__WHAT TO DO__.
For this exercise, output exactly and only the lines running from the one with "Przełącznik zespolony, lewy, do" through the final line of the data below, without pictures.

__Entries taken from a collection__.
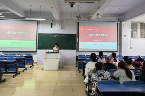 各班班主任结合高等教育特点,通过多媒体课件详细解读了考试纪律和学术规范,重点剖析了论文抄袭、数据造假等学术不端行为的严重后果。老师们强调,诚信不仅是立身之本,更是维护学术公平的重要保障,号召同学们将诚信意识转化为实际行动。在互动环节,同学们围绕“诚信与生活”“诚信与学习”展开热烈讨论。大家从日常生活中的守信履约,谈到学习中的诚信应考,通过真实案例分析了作弊抄袭的危害。临近期末,老师们特别提醒要以真才实学迎接考试。最后,全体同学郑重签署了诚信承诺书,展现了践行诚信的决心。
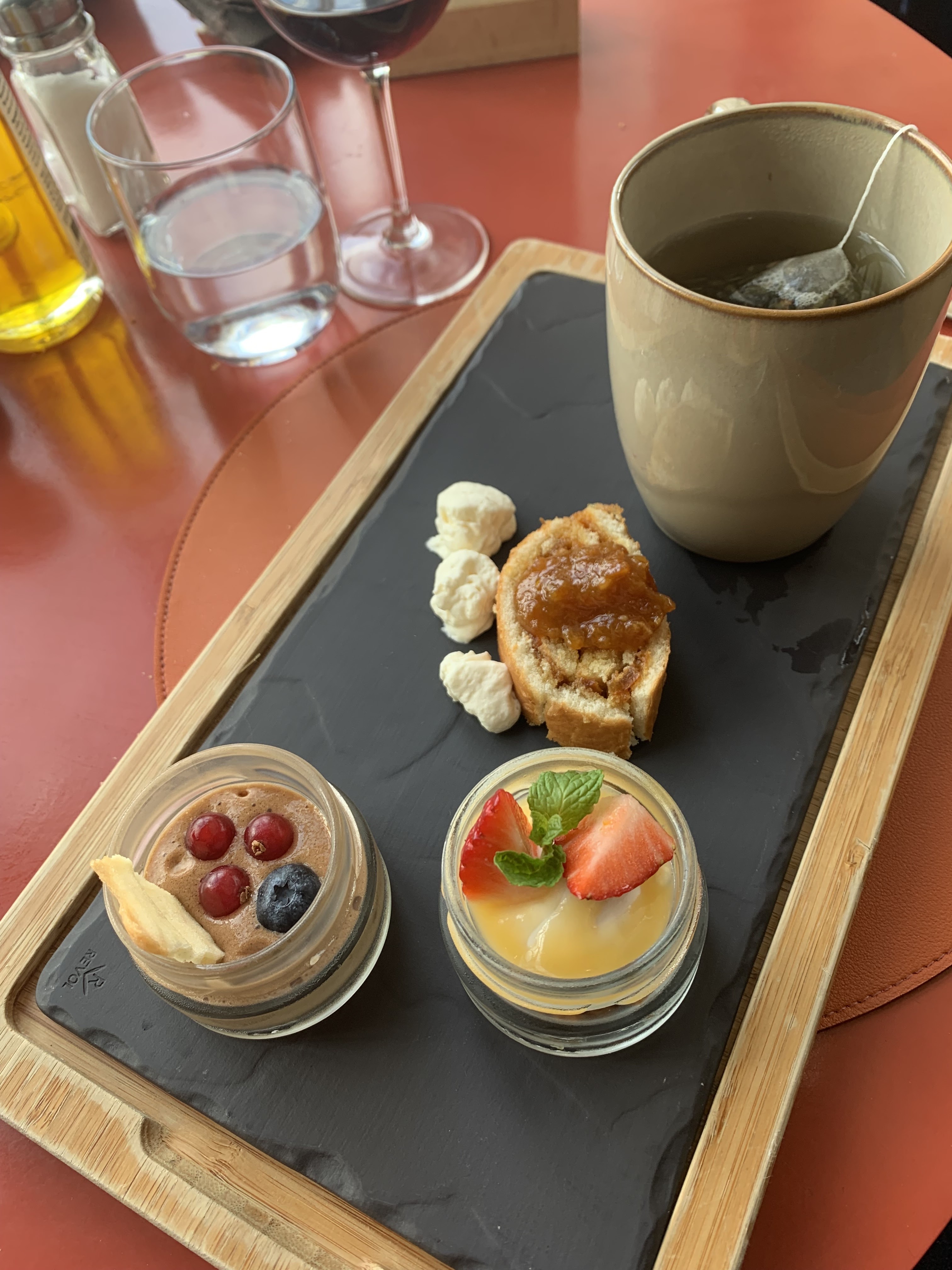 En arrivant l accueil a plutôt été froid, et puis finalement les serveuses ont étés sympas. Resto très bien décoré avec une très jolie terrasse. Nous avons juste bu un verre. La boutique du resto vend des produits de la région.
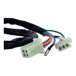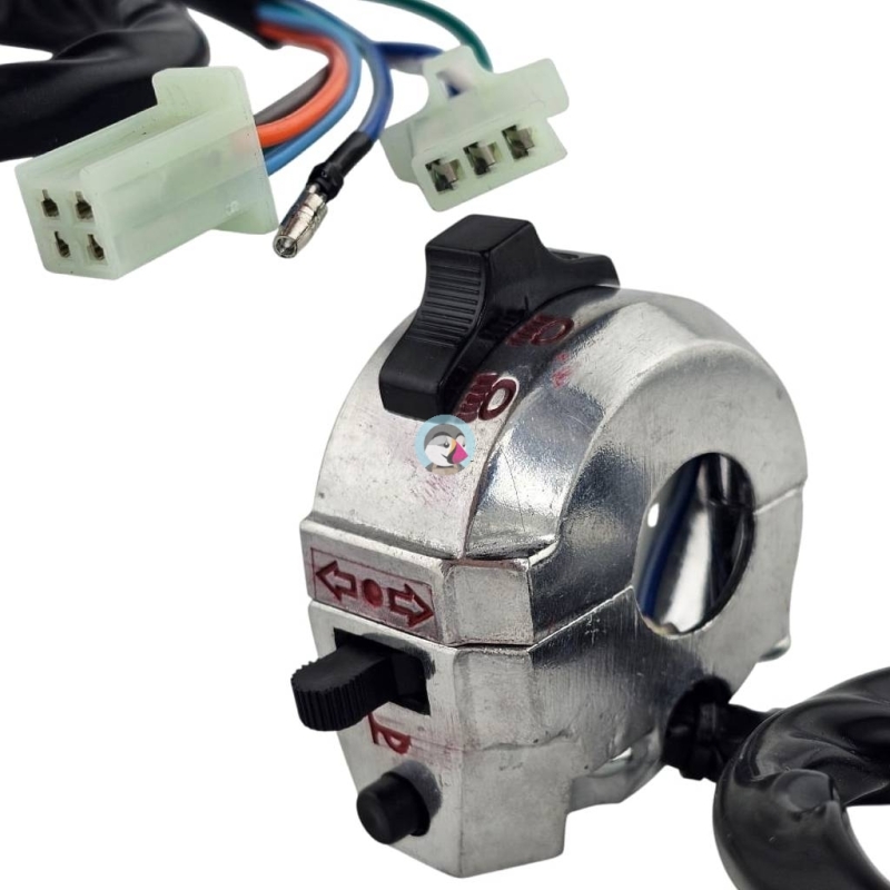 Przełącznik zespolony, lewy, do pojazdów typu ATV.Zawiera w sobie, światła mijania i drogowe oraz blenda, klakson, kierunkowskazy, śwaitła awaryjne, dźwignię ssania ręcznego. Podłączenie 7 pinów w kostce + 1 pin konektor rurkowy.
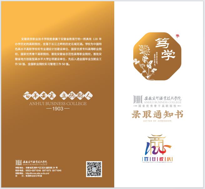 录取通知书将学校的校训“厚德 弘商 笃学 砺能”、120周年校庆标识和梅兰竹菊三种元素有机融合,通过四种色调寓意季节的交替变化,并精选箴言名句,寄语新生。希望莘莘学子能够回顾学校百廿风雨历程,在新历史起点上,传承百年商贸的精神与梦想,以坚毅的决心和勇气,谱写属于自己和商贸的新篇章。
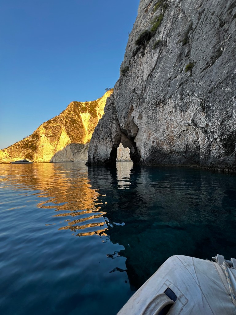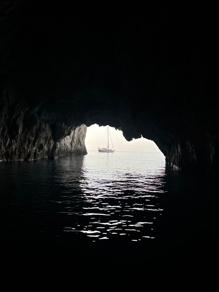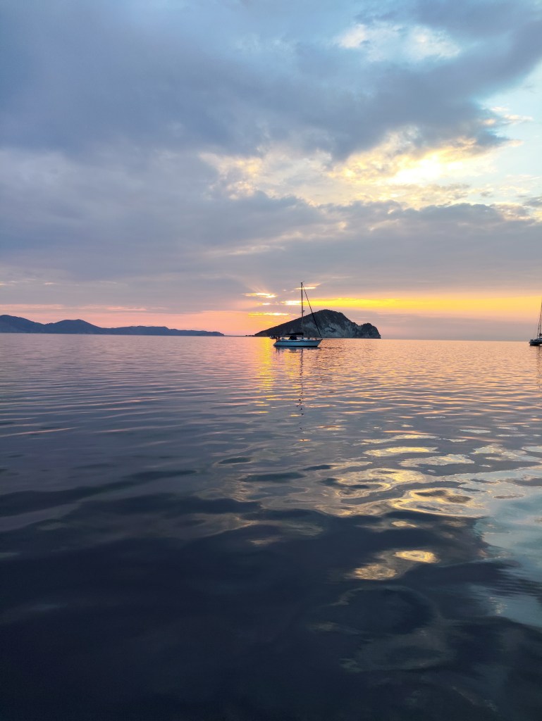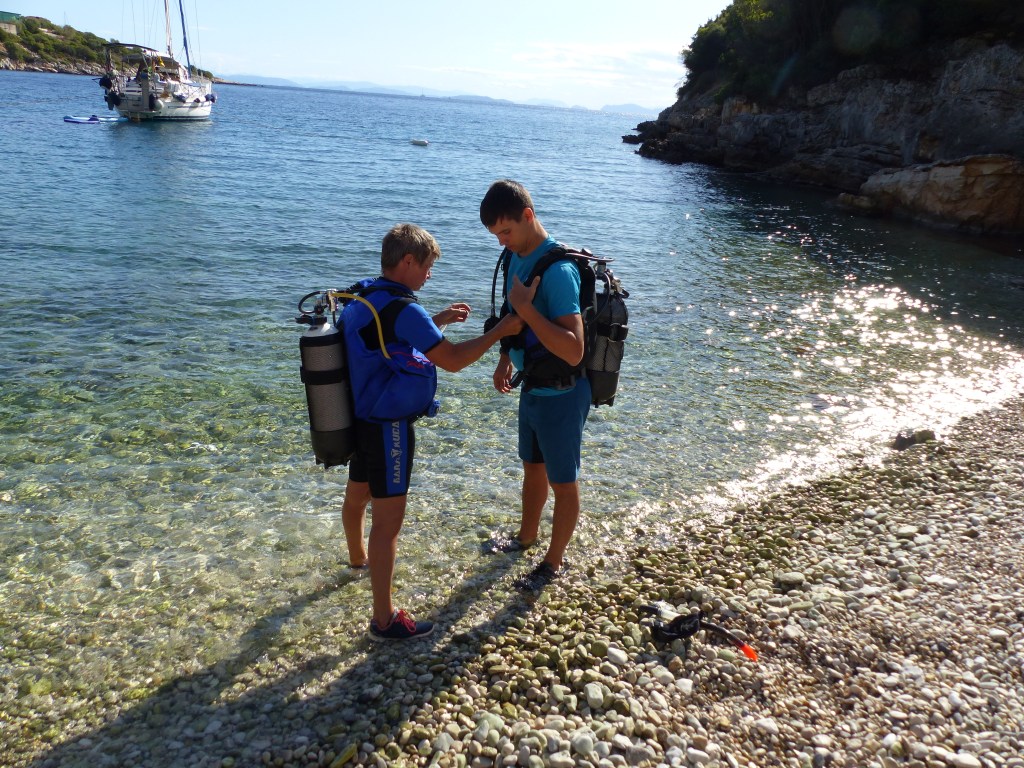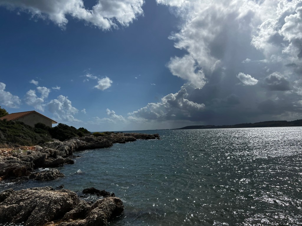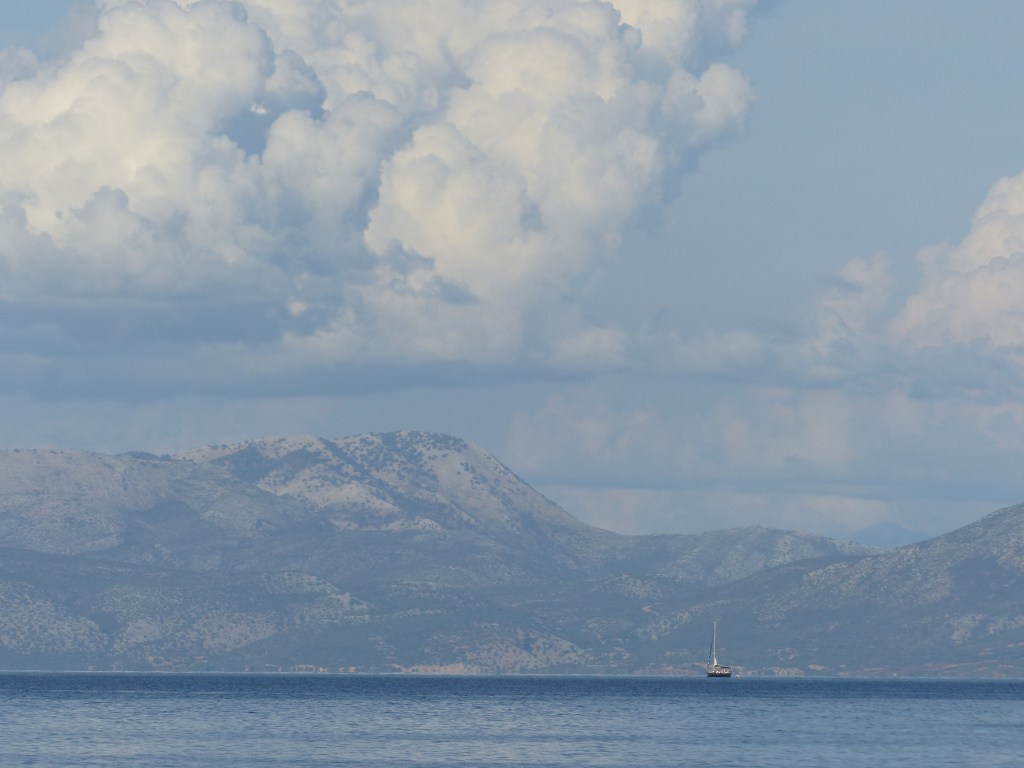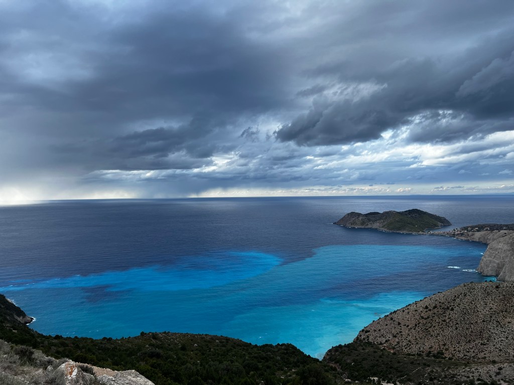 Am letzten Tauchspot drehe ich mit der Alina meine Runden während ein stärkeres Gewitter runter kommt und Lukas und Peter im Wasser sind. Kaum sind sie wieder an Bord nehmen wir Kurs auf Ithaka die Insel des Odysseus.

__OUTPUT OF THE TASK__.
 Przełącznik zespolony, lewy, do pojazdów typu ATV.Zawiera w sobie, światła mijania i drogowe oraz blenda, klakson, kierunkowskazy, śwaitła awaryjne, dźwignię ssania ręcznego. Podłączenie 7 pinów w kostce + 1 pin konektor rurkowy.
 录取通知书将学校的校训“厚德 弘商 笃学 砺能”、120周年校庆标识和梅兰竹菊三种元素有机融合,通过四种色调寓意季节的交替变化,并精选箴言名句,寄语新生。希望莘莘学子能够回顾学校百廿风雨历程,在新历史起点上,传承百年商贸的精神与梦想,以坚毅的决心和勇气,谱写属于自己和商贸的新篇章。
 Am letzten Tauchspot drehe ich mit der Alina meine Runden während ein stärkeres Gewitter runter kommt und Lukas und Peter im Wasser sind. Kaum sind sie wieder an Bord nehmen wir Kurs auf Ithaka die Insel des Odysseus.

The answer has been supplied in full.